Hikayat Si Miskin yang Tertawan Dunia

0

Tersebutlah dua sosok kakak beradik dalam sebuah kisah hikmah. Sang adik adalah seorang guru di sebuah perguruan Islam. Ia memiliki banyak murid di padepokannya. Hidup amat sederhana. Rumah hanya berbentuk gubuk, tak miliki aset kekayaan lainnya.

Guna menyambung hidup, lelaki pertama ini harus memancing setiap pagi. Dari hasil memancing itulah ia makan. Terus seperti itu. Namanya saja memancing, kadang mendapatkan ikan banyak, sedikit, bahkan sering tidak mendapatkan ikan satu pun.

Suatu hari sosok yang juga menjadi guru di padepokannya ini meminta tolong kepada salah satu muridnya. “Nak,” sapanya hendak meminta tolong. “Datanglah ke rumah Kang Masku. Mintakan nasihat kepadanya.” Demikian itulah pesan sang guru kepada santrinya.
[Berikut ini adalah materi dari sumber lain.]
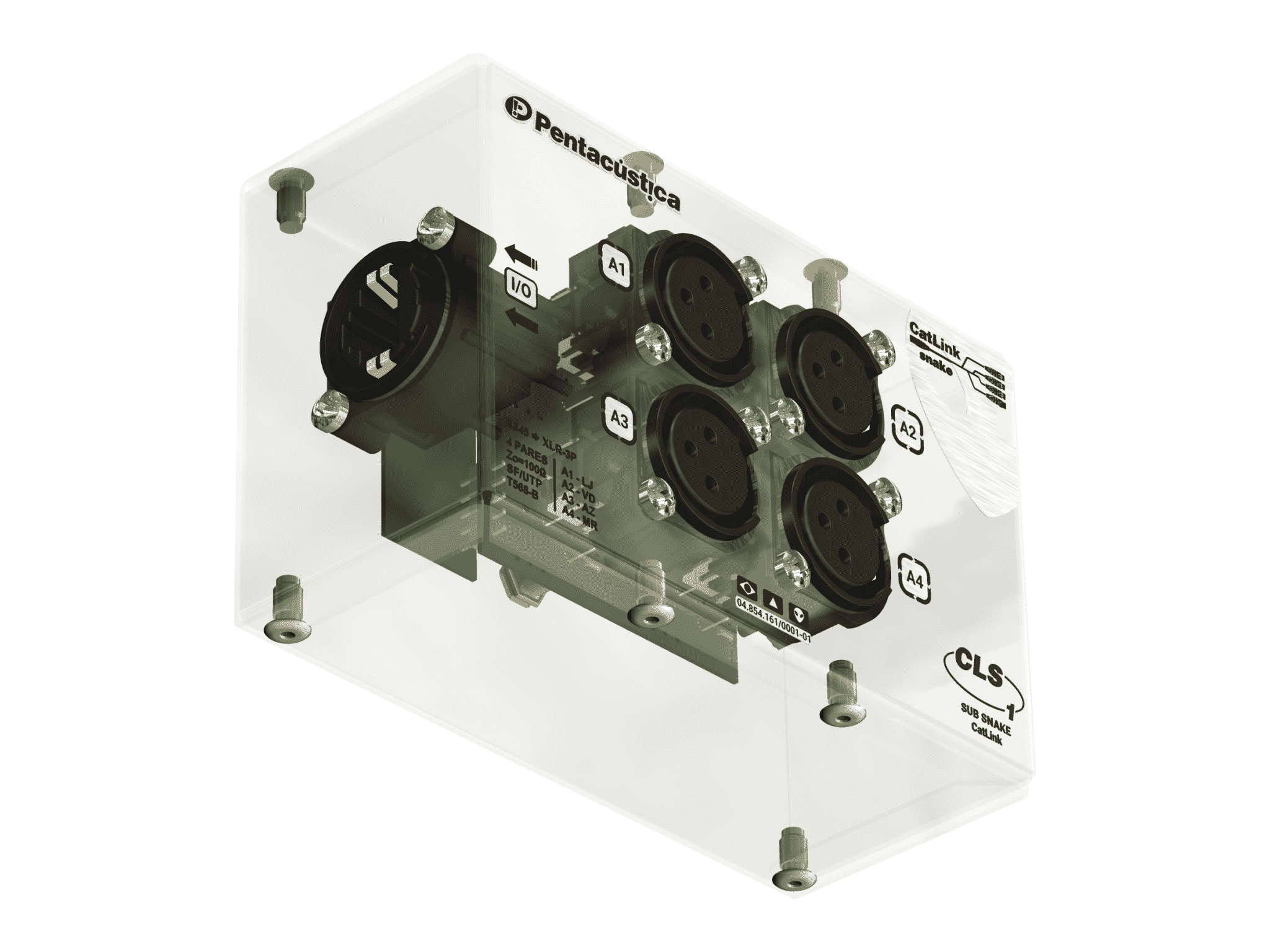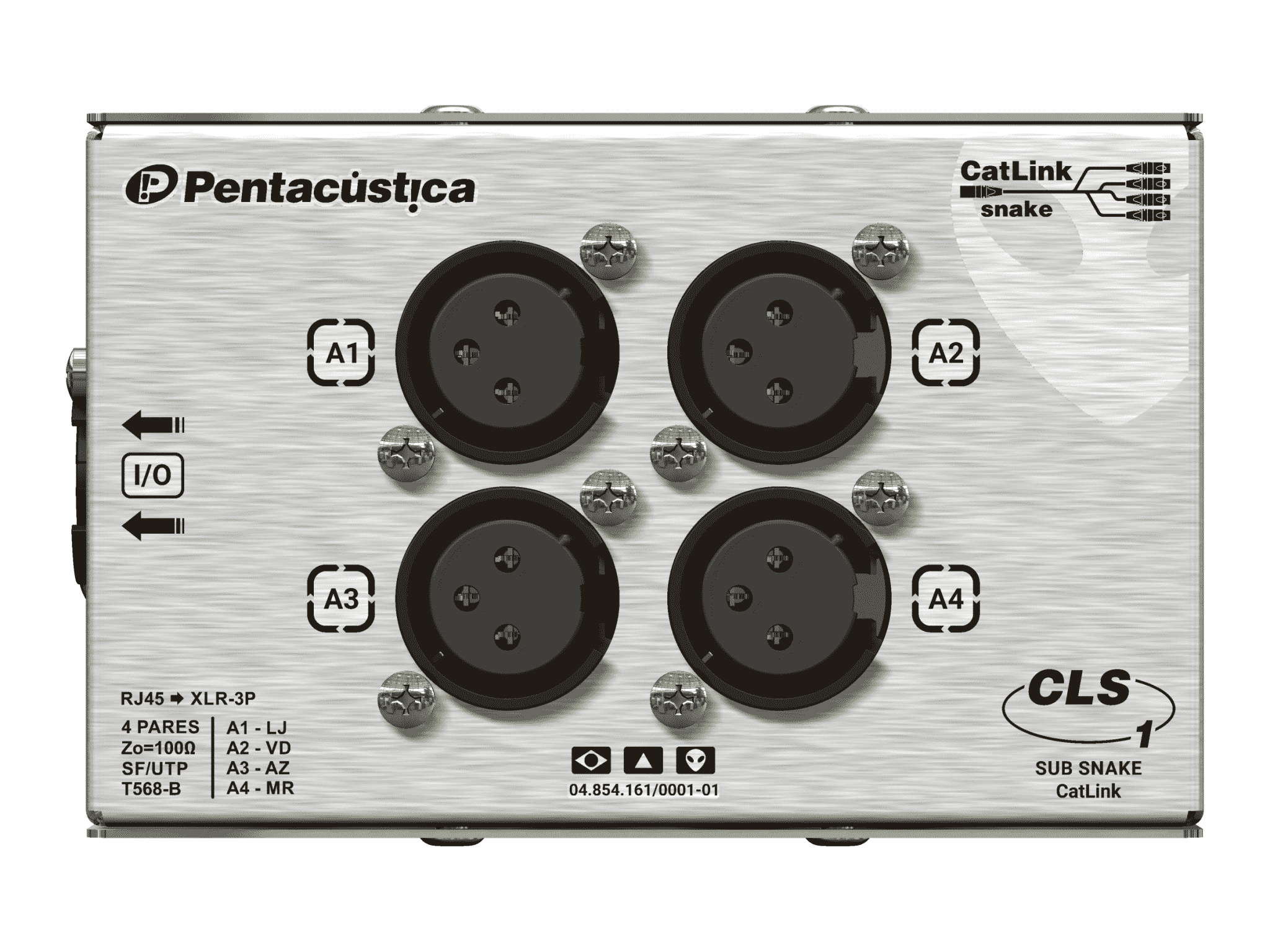 Cat Link Snake, RJ45 para 4 XLR-3 fêmea montados em gabinete de aço inox.
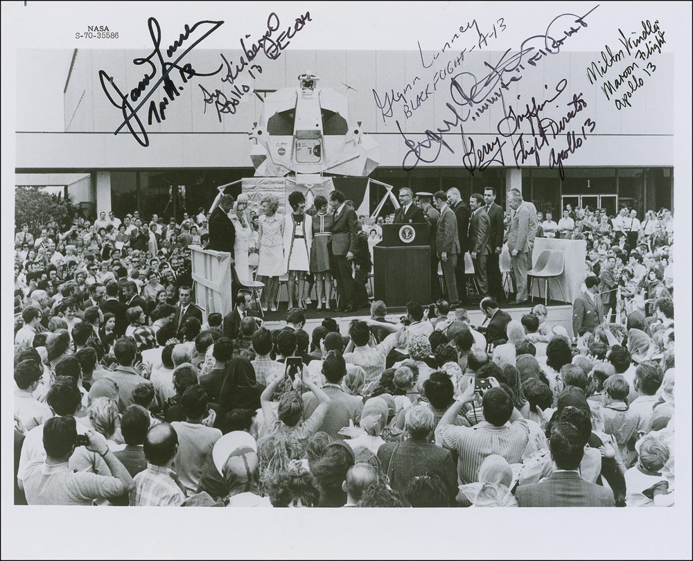 Glossy 10 x 8 NASA photo of an Apollo 13 post-flight presentation ceremony which included then president Richard Nixon, signed in black felt tip, “James Lovell, Apollo 13,” and also signed in black ink and felt tip by five others involved in the mission: Gene Kranz, Sy Liebergot, Gerry Griffin, Glynn Lunney and Milton Windler. In fine condition, with a few scattered dings and creases, and a small tear to top edge. Pre-certified Scott Cornish and RRAuction COA.
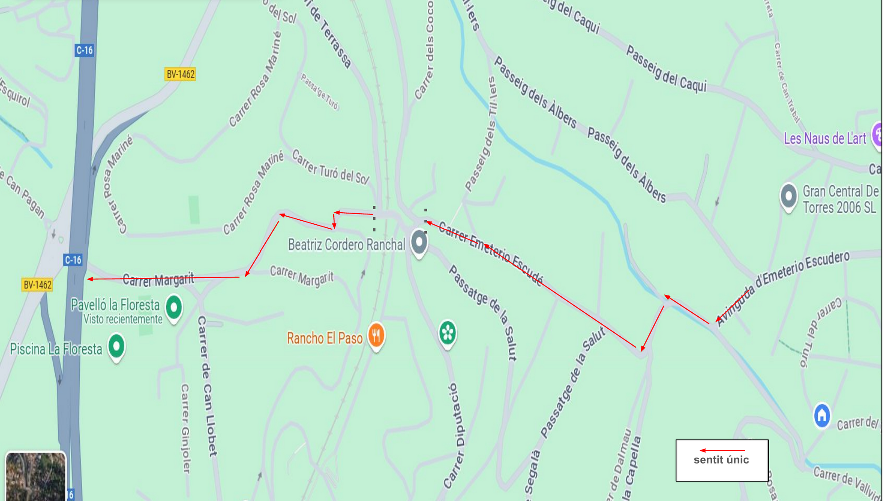 ✅ Sentit únic des d’Emeterio Escudero amb passeig dels Albers fins la BV-1462 (Carretera Vallvidrera), i carrers Nou de la Floresta i Margarit.
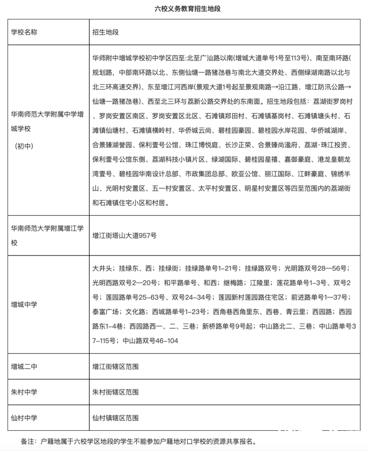 4月29日,增城区了公布2022年增城区义务教育学校招生工作方案。其中, 华南师范大学附属中学增城学校、华南师范大学附属增江学校、增城中学、增城二中、朱村中学、仙村中学等六所学校(以下简称“六校”),将面向全区学生资源共享招生。
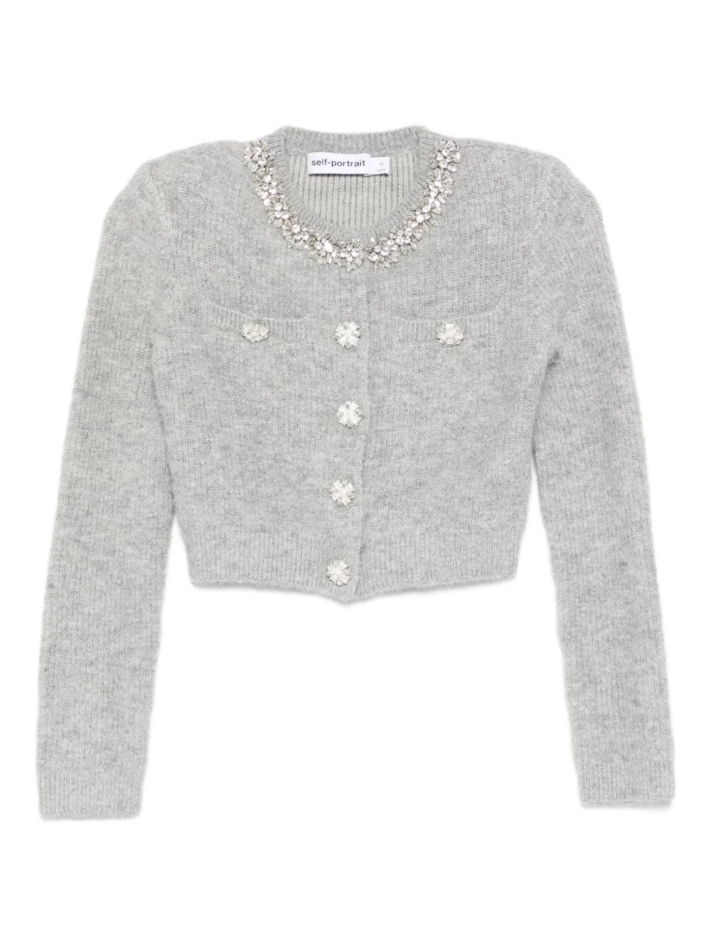 crystal-embellished cardigan Highlights - Grey - Crystal embellishment - Round neck - Long sleeves - Two front patch pockets Imported Composition Polyester 45%, Polyamide 32%, Alpaca 15%, Wool 5%, Metallised Fibres 2%, Elastane 1% SIZE & FIT Model measurements Height 5 ft 10 in(1.78 m) Bust/Chest 31.49 in(80 cm) Hips 37 in(94 cm) Waist 23.62 in(60 cm) Washing instructions Dry Clean Only
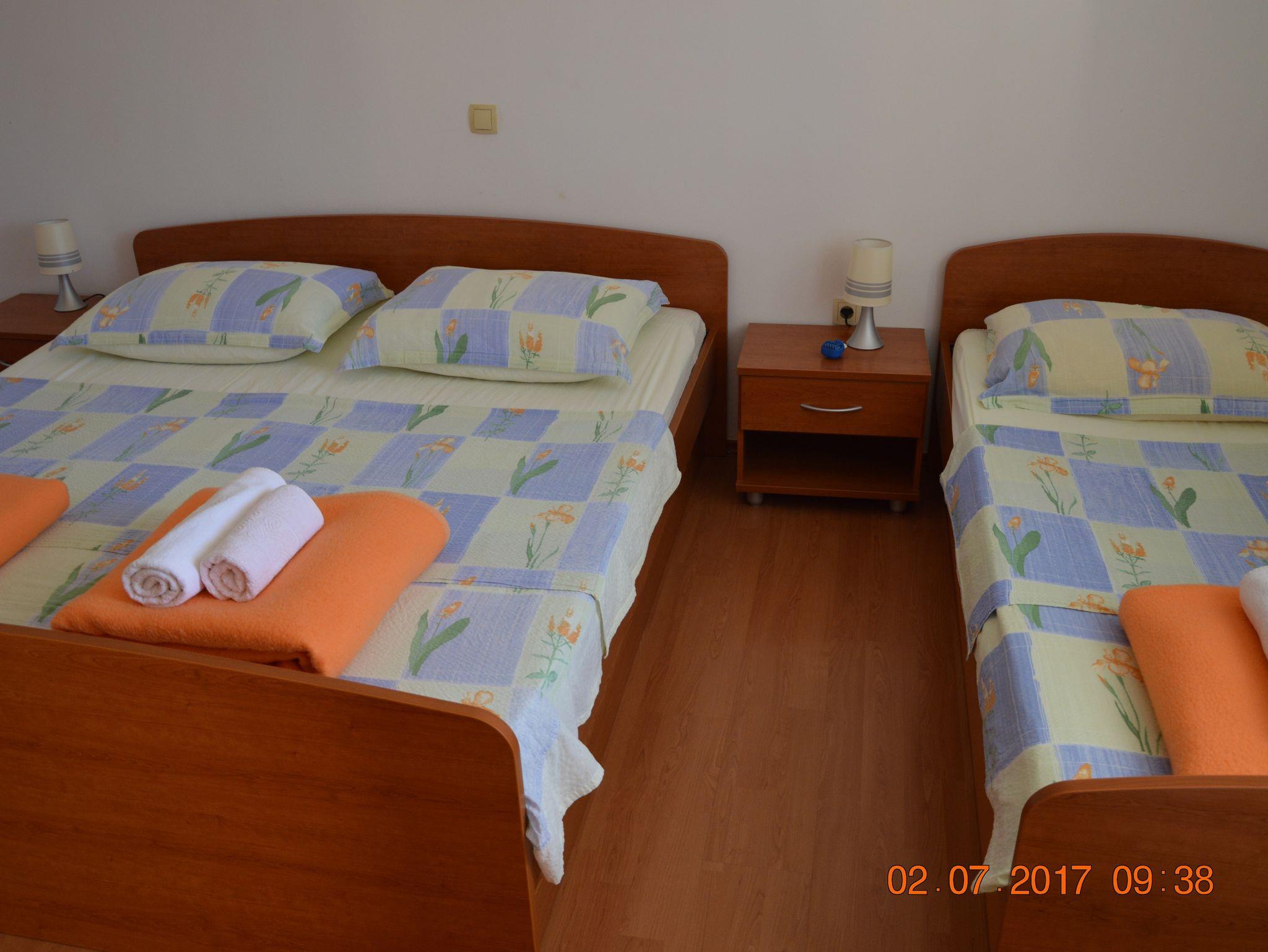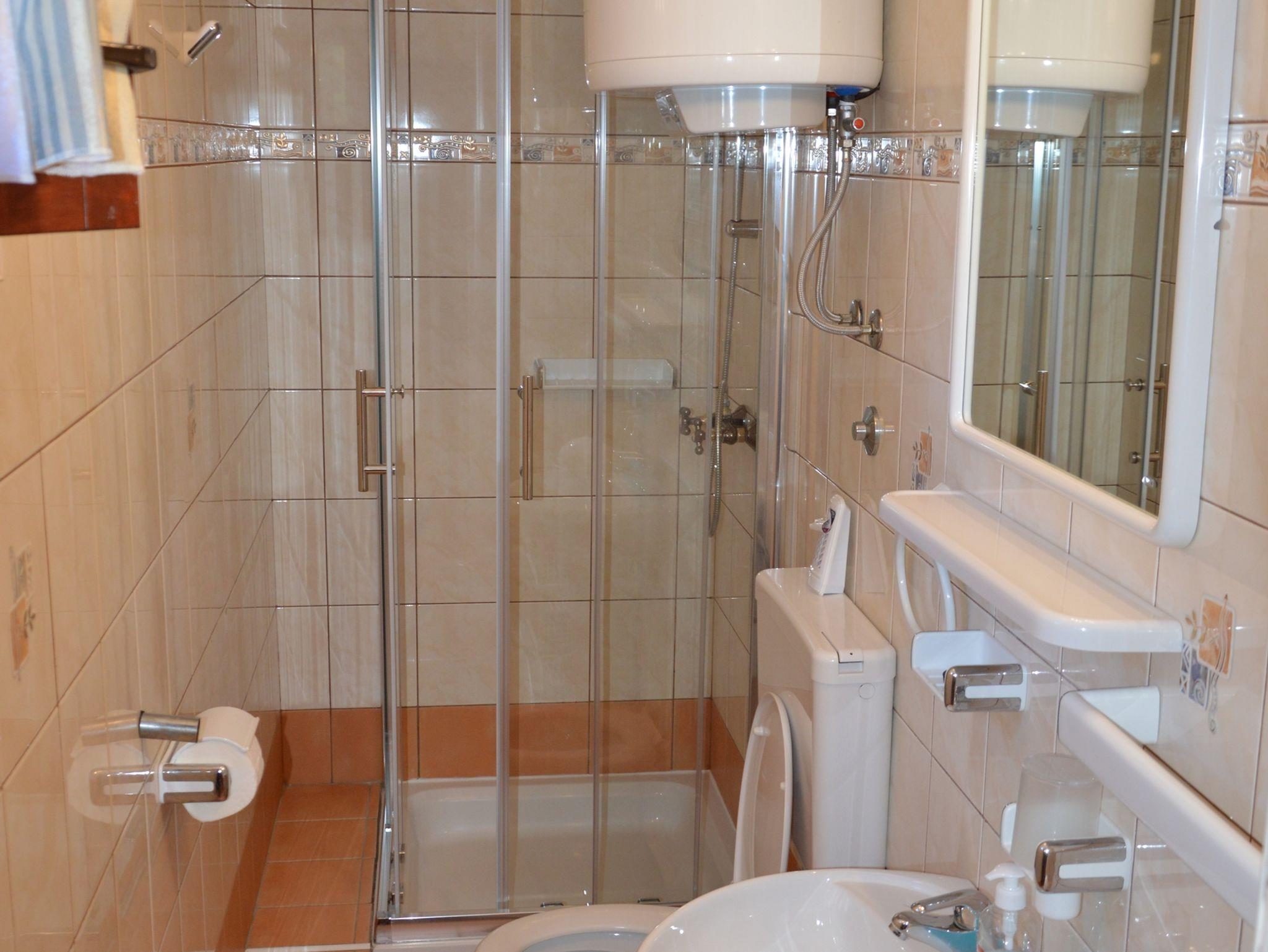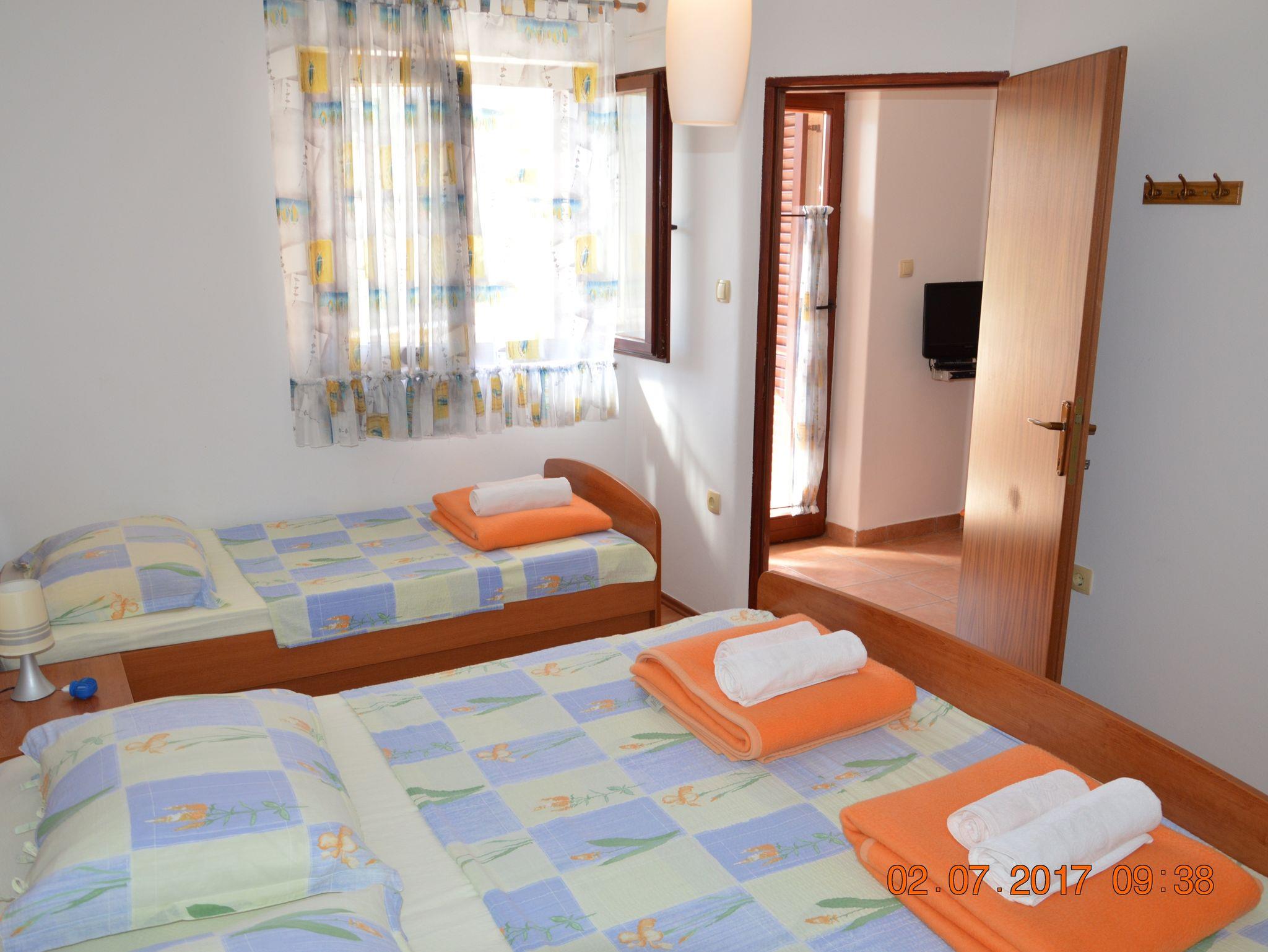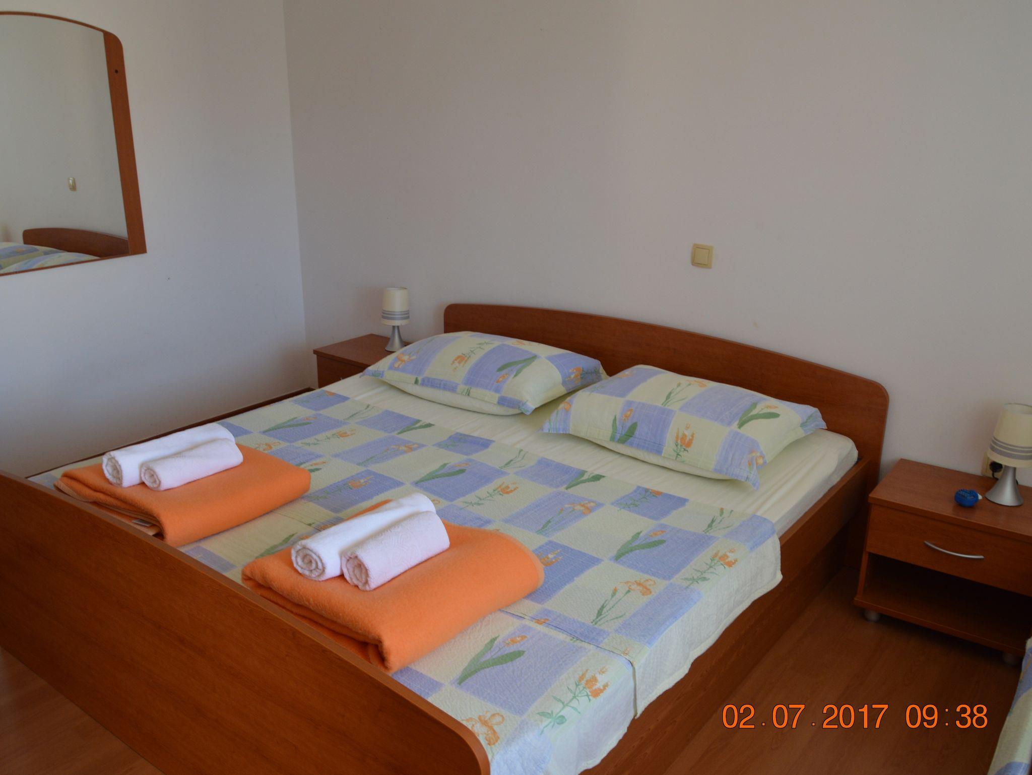 Ferienwohnung bietet Platz für 4 Gäste. Die Betten sind in Schlafzimmern, die es 1 gibt, und in Esszimmer, innerhalb einer Gesamtfläche von 29m2, angeordnet. Die Gäste haben eine eigene Terrasse zur Verfügung, auf der sie in warmen Sommernächten genießen können. Das Apartment bietet Meerblick. Es ist erlaubt, Speisen auf dem Gemeinschafts-Grill vorzubereiten. In der Unterkunftseinheit besteht die Möglichkeit des Mitbringens von Haustieren gegen Aufpreis. IM PREIS INBEGRIFFEN: Kurtaxe, Endreinigung, Parkplatz, Garage, Internet, Wäschewaschen, Bügeleisen, Bügelbrett, Föhn, Sonnenschirm. VERBINDLICHE ZUSÄTZLICHE KOSTEN: Aufzahlung für Kurzaufenthalte (prozentualer Zuschlag pro Nächtigungsanzahl: 30% - 1, 20% - 2, 10% - 3). UNVERBINDLICHE ZUSÄTZLICHE KOSTEN: Klimatisierung (5,00 € pro Nacht), Bootsanlegeplatz (20,00 € pro Nacht), Haustiere (10,00 € pro Nacht). Die Verfügbarkeit zusätzlicher Dienstleistungen in Ihrem reservierten Termin und die Preise derselben (falls nicht aufgeführt) müssen im Voraus überprüft werden. Zusätzliche Dienstleistungen die in der Zahlungsaufforderung nicht aufgeführt sind werden direkt beim Vermieter bezahlt, angenommen der Gast nutzt auch diese. Ermäßigung auf den Grundpreis: Gratistag 14=13 (bei einem Aufenthalt von 14 Tagen oder mehr erhalten Sie einen Gratistag für den Aufenthalt bis 31.12.26).

Ia pun menunjukkan kediaman kakaknya di sebuah desa yang tak jauh dari padepokannya.

Sampai di rumah kakak gurunya, santri utusan ini terbelalak. Kagum bukan kepalang, tak habis pikir. Pasalnya, si kakak adalah sosok yang kaya raya. Rumahnya bagus, memiliki banyak sarana transportasi, peternakan, kebun, dan sebagainya. Sementara adik yang menjadi gurunya itu, bisa dibilang amat miskin; untuk makan saja amat susah.

Lepas menghadap dengan kakak dari gurunya itu, santri utusan pun menyampaikan maksud kedatangannya. “Saya diminta oleh Guru untuk meminta nasihat kepada Anda,” ujar sang utusan.

Tak panjang kalam dan kisah, sang kakak berujar santai, “Jangan tertawan dengan dunia.” Ia pun undur diri kepada tamunya itu.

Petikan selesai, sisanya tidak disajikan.